Lacey, I wouldn't rush out to retrain your dog. There are a number of dogs in this area that do the defense like that, and nobody has mentioned any rule changes. I'd want to see something in writing before I worried about it. There is usually a lag time when rule changes come out, so people have a heads up about them and have time to train for them. 

I didn't go back and read your guard question, but in FR you have to stick to one language. If you start in Dutch, you have to stay in Dutch. 

Steve, who is your TD?


----------



## steve gossmeyer (Jan 9, 2007)

thats just the word on the street in the chicago area could be wrong i was just told it wasnt goin to be acceptable anymore and to keep my dog at heel


----------



## Jeff Oehlsen (Apr 7, 2006)

Lacey, 

Starting from the start of the exersize, you are saying that he heels with you until you stop to talk to the decoy, then goes between your legs, then to heeling backwards????

If this is what you are talking about, I have not heard or read anywhere that this would be incorrect. 

From a practibility standpoint, I am not sure why you would do it, unless he had control problems as the decoy was walking up to shake your hand. Giving the dog something to do is a way of keeping control.

Of course, it probably looks cool, so **** it, keep it.


----------



## Lacey Vessell (Nov 18, 2006)

Thanks Kadi for your answers - Hopefully I'll be able to get in touch with the new club that is forming, after they get back from the AWMA Nationals. Maybe then I won't be such a PIA with all the questions to ya, even though you have been wonderful in answering them ;-) 

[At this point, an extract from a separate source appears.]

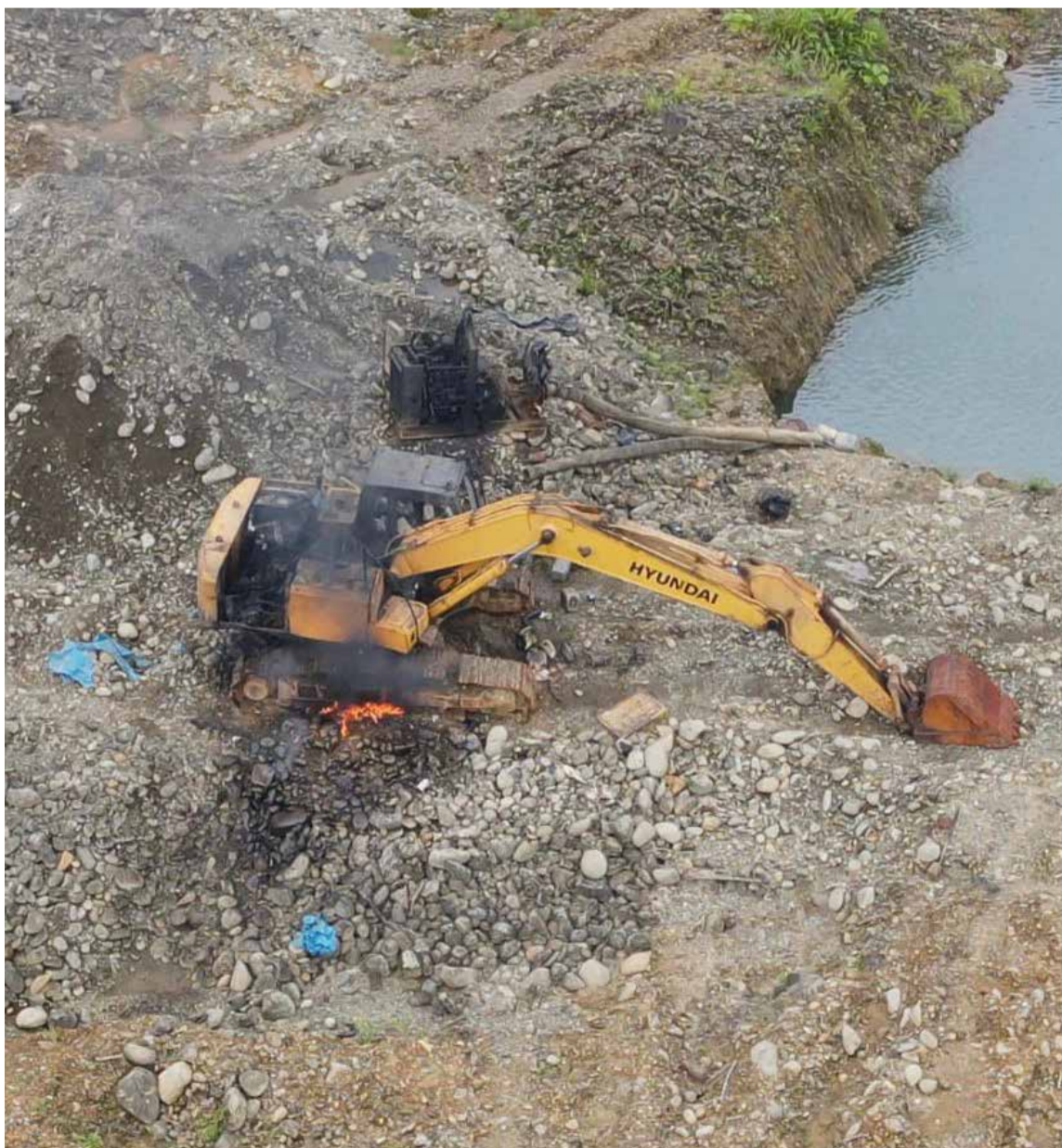
Los daños ambientales en la costa pacífica del Cauca son grandes.

dos (02) motobombas las cuales fueron inutilizadas de acuerdo a los proto-

Thanks Jeff, I do like the way it looks but I also like the fact that no matter which way the decoy departs he'll be able to move into position quickly - he is actually pretty good with control (not biting) because he found that if he does it correctly he gets a bite.......when done wrong we start all over again.
I've been using a PVC pipe placed on top of a soda can on each side to assist him in learning not to creep on the face attack - as well as using the same set-up when we work positions, down for one minute and food refusal. (Got the idea off of a DVD of a seminar I got from Kadi).


----------



## Kadi Thingvall (Jan 22, 2007)

Jeff Oehlsen said:


> From a practibility standpoint, I am not sure why you would do it, unless he had control problems as the decoy was walking up to shake your hand. Giving the dog something to do is a way of keeping control.

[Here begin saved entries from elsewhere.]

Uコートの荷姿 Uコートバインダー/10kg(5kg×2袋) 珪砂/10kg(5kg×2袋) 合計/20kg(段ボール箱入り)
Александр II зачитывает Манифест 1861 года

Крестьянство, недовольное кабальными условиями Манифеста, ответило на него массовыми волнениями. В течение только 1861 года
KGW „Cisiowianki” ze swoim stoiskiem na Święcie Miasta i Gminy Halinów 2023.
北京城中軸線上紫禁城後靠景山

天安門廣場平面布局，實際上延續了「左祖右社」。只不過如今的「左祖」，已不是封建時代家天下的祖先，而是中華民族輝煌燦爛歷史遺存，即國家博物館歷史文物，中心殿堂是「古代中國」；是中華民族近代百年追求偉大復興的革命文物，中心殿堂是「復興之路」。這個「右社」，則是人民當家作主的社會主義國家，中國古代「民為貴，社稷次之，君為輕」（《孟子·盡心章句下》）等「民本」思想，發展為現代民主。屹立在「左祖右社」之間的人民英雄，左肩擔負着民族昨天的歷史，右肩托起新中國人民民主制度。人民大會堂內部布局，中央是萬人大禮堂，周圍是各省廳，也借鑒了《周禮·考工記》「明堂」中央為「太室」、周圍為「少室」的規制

It gives the decoy fewer chances to mess with the dog as they leave from the defense. I have to find the little clip I made of one of Chaos FRII trials. Not only was the decoy walking into her as he was leaving, right as he got next to her he kind of kneed her in the side to try to get her to either bite him or go with him in an escort. With the dog between the legs, the decoy just can't do anything to mess with the dog as he leaves, since the judge isn't going to let him walk right into me, or start "accidentally" kneeing me LOL

Mac comes out as soon as I start to move, which is when the decoy is next to me and no longer in my way, so by the time he's come out from between my legs the decoy has gone past me and their chances for "games", at least in that part of the exercise LOL, are over.


----------



## Jeff Oehlsen (Apr 7, 2006)

I guess I am used to MR, where unless they specifically tell me I cannot move, then I have options as to what to do if the decoy tries stuff like that.

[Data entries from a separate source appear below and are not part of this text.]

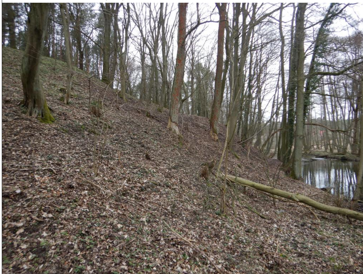
Koluwium z półką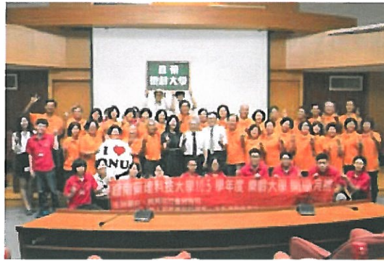
嘉藥樂齡大學舉辦熱鬧開學典禮。

【記者孫紹逸／南市報導】嘉南藥理大學於17日上午9：30，在該校國際會議廳3樓舉行105學年度「樂齡大學」開學典禮。現場邀請樂齡大學學員及該校老人服務事業管理系學生，一起為開學典禮帶來一連串充滿活力的精采表演，內容包含「爺奶響叮噹」、「竹味活蹦蹦亂跳」、「舞動吧！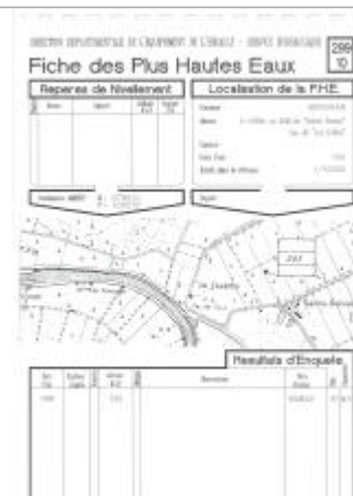
Fiche descriptive d'origine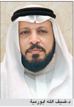
د.ضيف الله أبورية

طالب النائب د.ضيف الله أبورية الحكومة الحالية بالرحيل، إذا لم تكن قادرة على حل مشاكل التلوث والأغذية الفاسدة، لاسيما تلوث مياه الشرب، معتبرا حكومة مغبية لا تملك حتى قرارها. وقال أبورية في تصريح أمس ردا على سؤاله حول رأيه في رسالة لجنة شؤون البيئة والطاقة النووية البرلمانية، حول التحقيق فيما أثر بتلوث المياه «هذا جهد نباهي تشكر عليه اللجنة، إلا أن المشكلة ليست في دراسة الموضوع داخل اللجنة، وإنما في الحكومة، التي أشك في اتجاهها إلى حل المشكلة، لاسيما أنها هي التي تسببت في إطعام الناس طعاما فاسدا، وتلوث البيئة، ولم تتحرك من أجل حل مشكلة المياه، رغم اعتراف البلدية بتلوثها». وشدد أبورية على أن حكومة مثل هذه لا تستحق البقاء، مستغبرا أنها لم تتقدم بمشروع قانون بتغليظ العقوبات على تجار الأغذية الفاسدة، مبديا استعداد المجلس للتعاون مع الحكومة في إقرار التشريعات اللازمة.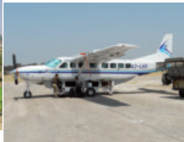
Bequemes Inland-Transportmittel: 14-plätziges Cessna 208B der Sefofane Air Charters.

Not sure, but if I saw the decoy head off towards the dog, I would probably walk into the decoy, regardless. Just me though.:lol:

Still a good idea.


----------



## Pauline Michels (Sep 1, 2006)

Lacey another item to use to prevent creeping is a three sided metal rod sign holder that is used to advertise garage sales, campaign signs, etc. You can stick it in the ground at a steep angle. It results in the dog having the thin rod barrier across his front and at each side. Works great and stays in place.


----------



## Lacey Vessell (Nov 18, 2006)

Thanks Pauline - have to give that a try as well.


----------



## Jeff Oehlsen (Apr 7, 2006)

I find that creeping is caused by a couple of things, one the dog doesn't understand that it has to stay, due to the changing of the positions, and the reward being given in the wrong place. Then there is trying to get the whole exersize, and not just the pieces.

I have done all three. I do not have creeping, as much as I have bouncing forward. Hard to get mad when he is so happy to do them for me, and so quick. Still looking for good balance. Most of the time he is correct, and if he is not, it is some blunder on my part.


----------



## Kadi Thingvall (Jan 22, 2007)

I finally put video online of the type of tricks that make me want to teach my dog to go between my legs during the conversation. 

www.dantero.com/images/Defense_Trick.wmv


----------



## Jeff Oehlsen (Apr 7, 2006)

For those of you wondering about a nice way to make this type of behavior to stop, take it from the soccer player.......step on the foot, and drive the knee through the mans knee. This should stop him from thinking of foolish shit like we just saw here.

Kadi, thanks for posting that so we could talk about ways to put the block on naughty behavior like that.


----------



## Kadi Thingvall (Jan 22, 2007)

LOL But then I would have had to stomp on my poor dog in the process, since she was between us. And she's a delicate little thing, I'd hate to hurt her 

I probably could have started to walk a little sooner and "drifted" to the right, but I didn't realize what he was doing until later when I saw the tape. I knew something was going on because I could feel Chaos bumping into me instead of coming around in front like she's been taught, but I wasn't sure just what. But we train for this exact type of stuff, so she already knew how to handle it.


----------



## Lacey Vessell (Nov 18, 2006)

Glad you got that on film - thanks for sharing it. Just goes to show me that I gotta train for any possibility and every possibility as those decoys can be devious


----------



## Bob Scott (Mar 30, 2006)

I obviously know nothing of ring. What actually went on in that video? Is it the contact with the helper and the dog didn't respond?


----------



## Lacey Vessell (Nov 18, 2006)

Just learning myself Bob, no doubt Kadi can explain better. The contact by the decoy that you see in the video is not "typical" - Chaos did an outstanding job concerning control AND staying close to Kadi (rather then be baited by the decoy to either bite or leave her handler). The dog is only allowed to engage (bite) the decoy when the decoy actually "lays hands on" the handler in this exercise.


----------



## Jeff Oehlsen (Apr 7, 2006)

The decoy was trying to get the dog to bite early, or rattle her enough that she won't bite. He didn't try this, but he also could have tried to get her to escort off of Kadi, (go into escort) and walk off with the dog.


----------



## Bob Scott (Mar 30, 2006)

Thanks Lacey and Jeff! I enjoy watching all the different "options" in the ring sports. Just don't have anything near enough to give it a try.


----------